OpenAI found that learnable temperature consistently outperforms fixed values.

---

### Q3: What are the computational challenges of training CLIP and how are they addressed?

**Answer**:

**Challenge 1: Large batch sizes needed**
- Contrastive learning requires many negatives (batch = negatives)
- CLIP used batch size of 32,768!
- **Solution**: Distributed training across many GPUs, gradient accumulation

**Challenge 2: Memory for similarity matrix**
- Similarity matrix is $N \times N$ where N = batch size
- For N=32768: ~4GB just for the matrix
- **Solution**: Gradient checkpointing, mixed precision, distributed computation

**Challenge 3: Expensive text encoding**
- Must encode all text in batch for every forward pass
- **Solution**: Cache text embeddings during evaluation, use efficient transformers

**Challenge 4: Data quality**
- Need high-quality (image, text) pairs at massive scale
- **Solution**: Filter web data, use CLIP itself to filter (bootstrapping)

---

### Q4: How would you extend CLIP to handle more than 2 modalities (e.g., add audio)?

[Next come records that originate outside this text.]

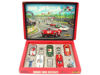 contient : 5 FERRARI (NÜRBURGRING, SILVERSTONE, MONZA, SEBRING & LE MANS), 2 moteurs & 6 roues de rechange - numéros de compétitions manquants sur un exemplaire - petit manque de papier & trace de ruban adhésif sur la boite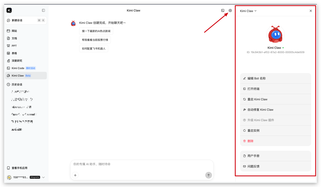 或在设置中选择"重启KIMI Claw"。系统会提示重启状态。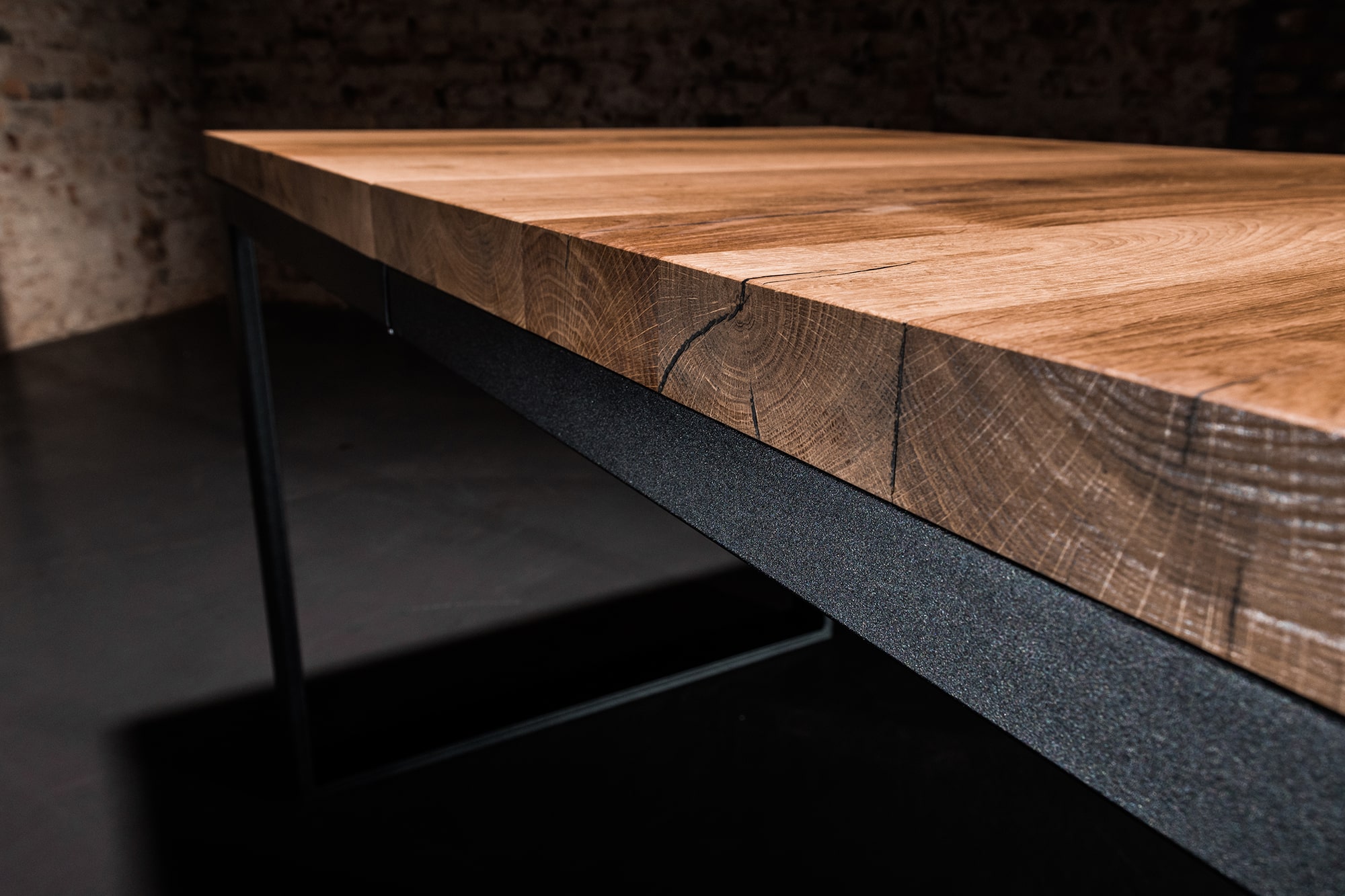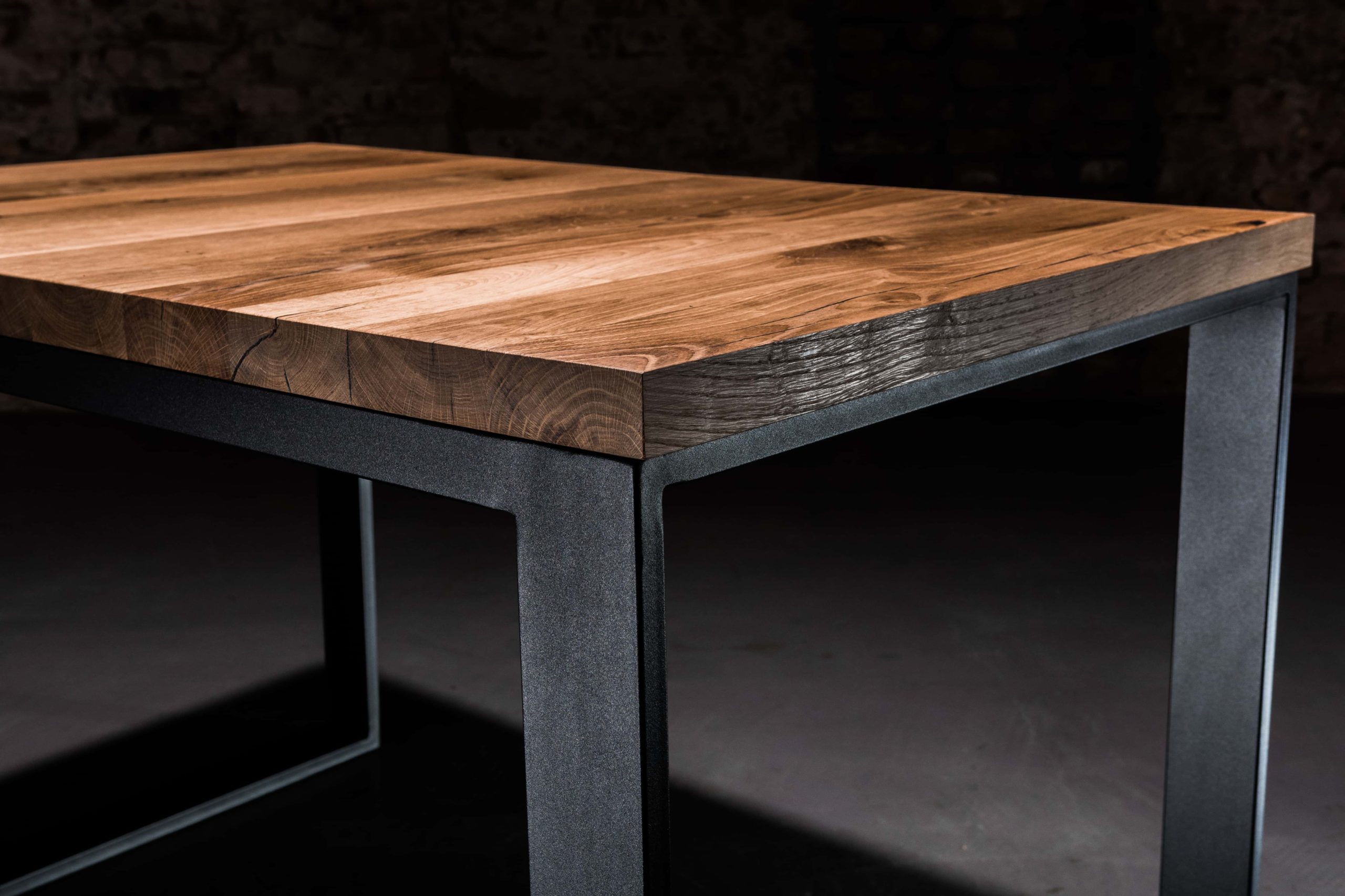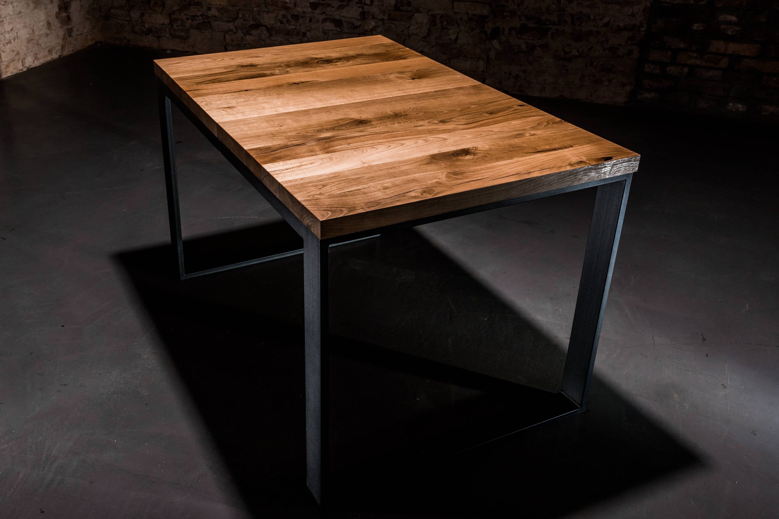 Solidna konstrukcja blatu wykonana została z drewna dębowego zabezpieczonego olejem, podbijającym jego naturalną lub dowolnie wybraną barwę oraz gwarantującym hydrofobowość. W połączeniu z podstawą malowaną proszkowo nadaje meblowi nowoczesnego wyglądu. Oferujemy możliwość personalizacji zarówno rozmiaru stołu, jak i wybarwienia blatu:

**Answer**: Multi-modal extensions like ImageBind use:

1. **Anchor modality**: Use images as the "hub" that connects all modalities
2. **Shared embedding space**: All modalities map to same dimensional space
3. **Pairwise contrastive learning**:
   - Image-Text pairs (existing)
   - Image-Audio pairs (new)
   - Image-Video pairs (new)
4. **Emergent alignments**: Audio-Text alignment emerges through shared image space

Key insight: You don't need paired data for all modality combinations - alignment transfers through the anchor modality.

---

### Q5: What's the difference between early fusion and late fusion in multimodal models?

**Answer**:

| Aspect | Early Fusion | Late Fusion (CLIP) |
|--------|-------------|-------------------|
| **Architecture** | Combine inputs before encoder | Separate encoders, combine embeddings |
| **Interaction** | Deep cross-modal attention | Dot product / shallow interaction |
| **Flexibility** | Single model, fixed modalities | Modular, can swap encoders |
| **Efficiency** | One forward pass | Can pre-compute embeddings |
| **Use cases** | VQA, detailed understanding | Retrieval, classification |

CLIP uses **late fusion** because:
1. Enables efficient retrieval (pre-compute all embeddings)
2. Modular design (upgrade image encoder without retraining text)
3. Scales to massive datasets
4. Simple to parallelize training

## Key Takeaways

1. **Multimodal**: Combining vision and text in one shared embedding space.
2. **Contrastive Loss (InfoNCE)**: Learning by comparing positive and negative pairs.
3. **Dual Encoders**: Two towers (Image & Text) that meet through similarity computation.
4. **Zero-Shot**: Classifying without explicit training on those classes.
5. **Temperature**: Controls softmax sharpness; learnable gives best results.
6. **Hard Negatives**: The most informative training signal comes from challenging examples.
7. **Vision Transformers**: Modern CLIP uses ViT, not CNNs, for image encoding.